Add support for openai_generic LLM provider in the MCP server factory.

This provider uses OpenAIGenericClient which calls /chat/completions with response_format for structured output instead of the /responses endpoint.

Problem

The default openai provider uses OpenAIClient which calls OpenAI's /responses endpoint. This endpoint is only available on OpenAI's native API and fails with:

  • LiteLLM proxy
  • Ollama
  • vLLM
  • Any other OpenAI-compatible API

When using these backends, users get errors like:

'NoneType' object has no attribute 'encode'

Solution

Add openai_generic case to LLMClientFactory that:

  1. Imports OpenAIGenericClient (which already exists in graphiti-core)
  2. Uses the same OpenAI provider config (api_key, api_url)
  3. Routes to /chat/completions endpoint with response_format for structured output
  4. Implements automatic fallback from json_schema to json_object for providers that don't support strict schemas
  5. Adds robust JSON extraction for responses with trailing explanatory text

Usage

llm:
  provider: "openai_generic"  # Instead of "openai"
  model: "your-model"
  providers:
    openai:
      api_key: ${OPENAI_API_KEY}
      api_url: ${OPENAI_BASE_URL}  # e.g., http://localhost:4000

Type of Change

  • Bug fix (JSON extraction, auto-fallback)
  • New feature (openai_generic provider)
  • Performance improvement
  • Documentation/Tests

Objective

Enable Graphiti to work with OpenAI-compatible APIs like LiteLLM proxy and Ollama. Some providers (e.g., Gemini via LiteLLM) don't support json_schema response format and return the schema definition instead of data.
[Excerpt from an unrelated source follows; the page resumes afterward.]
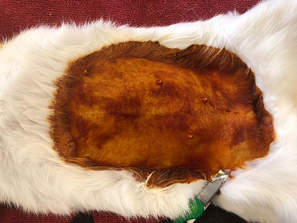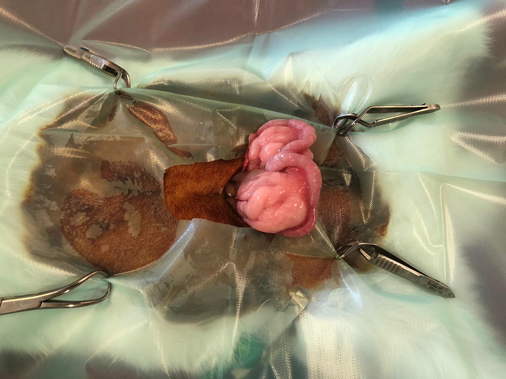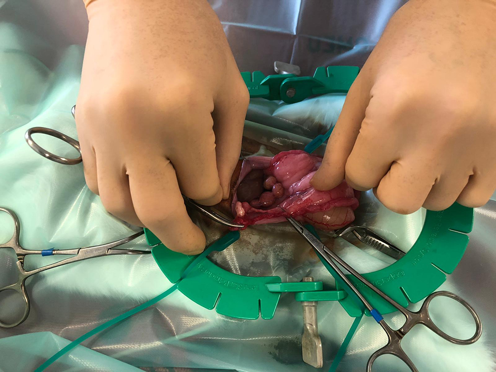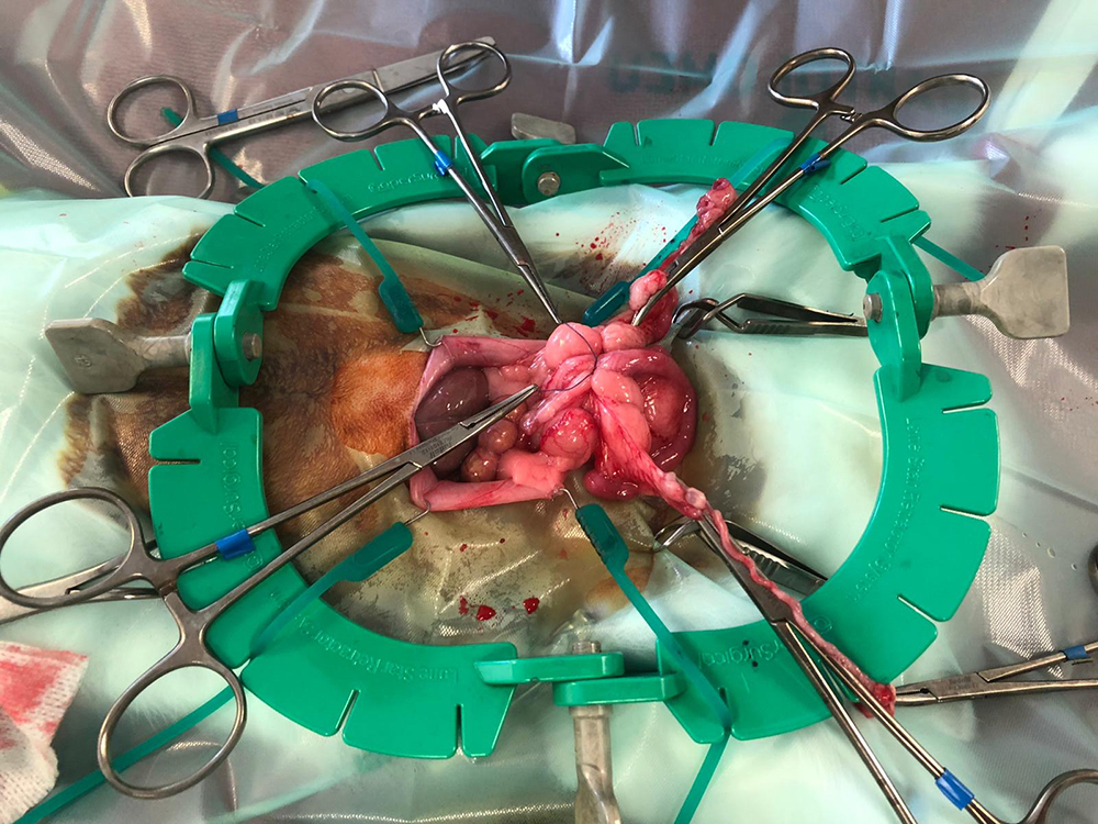 Nu kan de buik geopend worden, tot vlak voor het bekken. Om de buik open te houden, wordt de “lone star retractor” geplaatst. Hiermee is er goed zicht en werkruimte te verkrijgen. De eierstokken liggen bij het konijn vrij ver naar de zijkant, de darmen liggen vaak in de weg en zijn erg fragiel. Met de “lone star retractor” kan de sterilisatie veiliger worden uitgevoerd.

This PR adds automatic detection and fallback to json_object mode, plus robust JSON extraction for providers that append explanatory text after JSON output.

Testing

  • Unit tests added/updated (18 tests for _is_schema_returned_as_data, _extract_json)
  • Integration tests added/updated
  • All existing tests pass
  • Verified with LiteLLM proxy + Ollama backend
  • Confirmed /chat/completions endpoint is called (not /responses)
  • Tested add_memory and entity extraction working

Breaking Changes

  • This PR contains breaking changes

Checklist

  • Code follows project style guidelines (make lint passes)
  • Self-review completed
  • Documentation updated where necessary
  • No secrets or sensitive information committed

Related Issues

N/A

@danielchalef
Copy link
Member

danielchalef commented Dec 22, 2025

All contributors have signed the CLA ✍️ ✅
Posted by the CLA Assistant Lite bot.

@lehcode
Copy link
Author

lehcode commented Dec 22, 2025

I have read the CLA Document and I hereby sign the CLA

danielchalef added a commit that referenced this pull request Dec 22, 2025
@lehcode
Copy link
Author

lehcode commented Dec 23, 2025

Added auto-fallback for providers without json_schema support: e680665

Add support for `openai_generic` LLM provider in the MCP server factory.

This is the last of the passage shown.